Ants Software Raises $4.8 Mln Selling Stock at 50% Below Market
Santa Barbara, California Dec. 29 (Bloomberg) -- Ants Software.com, a 20-year old software developer with no revenue, raised $4.8 million by selling shares at 50 percent below market price, Ants Chairman Donald Hutton said.
Ants' shares, which traded below $1 in August, soared more than fiftyfold in four months, trading as high as 55 5/8 last week. They fell 7 1/2 to 26 1/4 in midafternoon trading today.
The company -- based since January in Hutton's Santa Barbara, California, home -- warned investors earlier this month that there is ``substantial doubt' about its ability to continue as a going concern. Its net worth was $136,130. The value of the Ants' 12 million shares today is $315 million.

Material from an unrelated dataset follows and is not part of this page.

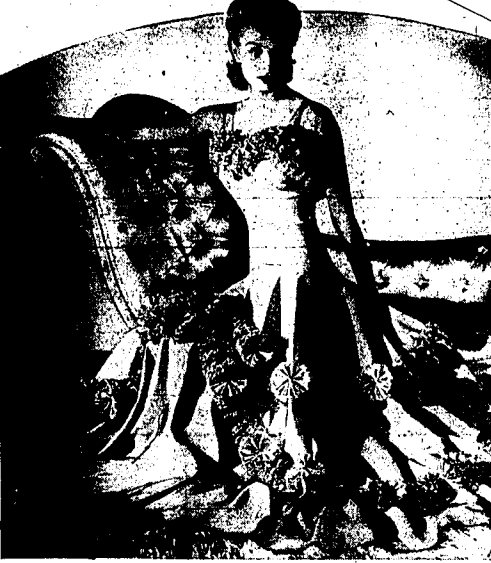
Rayon comes forward this year in luxury clothes, as budget items. Typical of the trend is the gown shown above. Deep bands of self-ruffling garland the sweeping skirt and tiny long-stemmed bodice. The heart-shaped décolletage has simple self-ruffing shoulder straps. This fabric is rayon faller.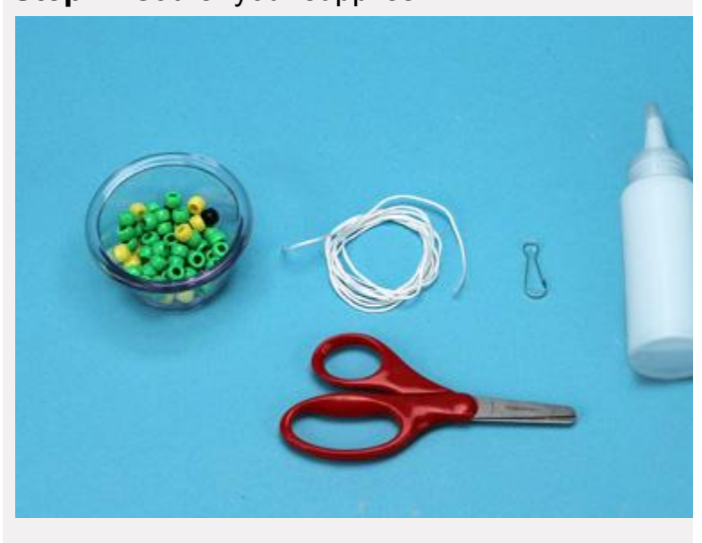
Step 1. Gather your supplies.

``It's a casino. It has nothing to do with value,' said Hutton, describing the wide price swings of his stock. ``It's the damnedest thing I've ever seen.'
Ants says it has developed a way to speed up data processing. Twice before, its claims to have forged technological breakthroughs left investors disappointed after initial bursts of optimism.

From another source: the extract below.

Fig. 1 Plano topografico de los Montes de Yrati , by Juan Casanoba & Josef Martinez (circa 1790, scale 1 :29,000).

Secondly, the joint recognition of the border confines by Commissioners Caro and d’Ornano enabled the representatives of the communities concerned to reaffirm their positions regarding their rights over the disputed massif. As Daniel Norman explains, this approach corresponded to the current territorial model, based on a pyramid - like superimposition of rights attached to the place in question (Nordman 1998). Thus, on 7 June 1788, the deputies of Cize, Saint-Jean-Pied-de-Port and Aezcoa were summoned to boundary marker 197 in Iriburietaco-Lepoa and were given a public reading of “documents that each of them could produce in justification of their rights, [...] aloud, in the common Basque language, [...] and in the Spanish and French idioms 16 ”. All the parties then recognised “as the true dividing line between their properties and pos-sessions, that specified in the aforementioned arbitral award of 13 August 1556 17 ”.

``We will increase the speed for the dissemination of data through existing software 1,000 times faster,' said Hutton, 63, standing under a basketball hoop on the driveway of the company's ocean-view headquarters. Hutton, who controls 3.3 million shares of the company, doesn't charge Ants rent for the space its occupies at his home on Santa Tersita Way.

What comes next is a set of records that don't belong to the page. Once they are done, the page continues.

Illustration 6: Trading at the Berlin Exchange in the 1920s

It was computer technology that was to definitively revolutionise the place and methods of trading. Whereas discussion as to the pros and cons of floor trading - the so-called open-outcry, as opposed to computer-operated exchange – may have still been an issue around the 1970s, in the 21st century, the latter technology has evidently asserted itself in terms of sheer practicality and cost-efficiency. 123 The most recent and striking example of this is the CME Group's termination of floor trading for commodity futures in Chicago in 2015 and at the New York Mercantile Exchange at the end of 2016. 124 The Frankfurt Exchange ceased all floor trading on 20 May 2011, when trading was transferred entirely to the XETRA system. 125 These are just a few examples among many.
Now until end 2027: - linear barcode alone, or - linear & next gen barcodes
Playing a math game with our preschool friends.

ANTS stands for Asynchronous Non-pre-emptive Tasks.
Hutton said the company raised cash by selling about 500,000 shares for an average of about $9.60 a share over the past two months. The restricted stock was sold at various prices, in each case at about half the market price on the day of the sale, he said.
Orgins in Chopp Computer
Hutton's gold 1997 Cadillac displays the license plate ``ANTS 1." His red 1990 Chrysler convertible is ' CHOPP 2.' That reflects the company's change of its name from Chopp Computer to Ants Software.com on Feb. 12.
Hutton blamed Chopp's failure as a supercomputer company on false statements published in an investment newsletter.
In the mid-1980's the company's shares briefly soared on hopes for a supercomputer it said it was developing that would be 10 times faster than machines then available. The computer was never completed, and its share price collapsed. Meanwhile, it sued investors who in 1986 distributed false information about the company.
The company said it won a $30 million libel suit in 1990, but that its legal fees consumed the money it was able to recover.
``During that time, we determined there was no market for supercomputers, so that wasn't the place to be anyhow,' said Hutton. ``Our technology now is totally breakthrough stuff.'
The transformation from a computer hardware maker to a software developer hasn't been smooth.
In 1993, it licensed its CATS, or Communicating Atomic Threads technology to Mosaic Multisoft Corp. of San Diego. After getting the license, Mosaic claimed in press releases that the software could speed up typical applications programs 18-fold.
Mosaic's shares plunged from a high of 24 in 1995 to a recent price of 1.5 cents.
Ants cancelled the license after Mosaic failed to make payments, according to a filing by Ants with the Securities and Exchange Commission earlier this year.
In its latest quarterly filing with the Securities and Exchange Commission, Ants said it's delinquent in its income tax return filings. It added that since the company has never earned taxable income, it makes no provision for income taxes.
Ants' corporate publicist, Elias Argyropoulos, is a former stockbroker. He was censured, fined $200,000 and banned from the brokerage industry in 1995 after the National Association of Securities Dealers found that he engaged in ``manipulation and deceptive practices' as well as unauthorized trading in his customer's accounts.
Argyropoulos declined to comment on the NASD action.
``This has nothing to do with anything,' he said.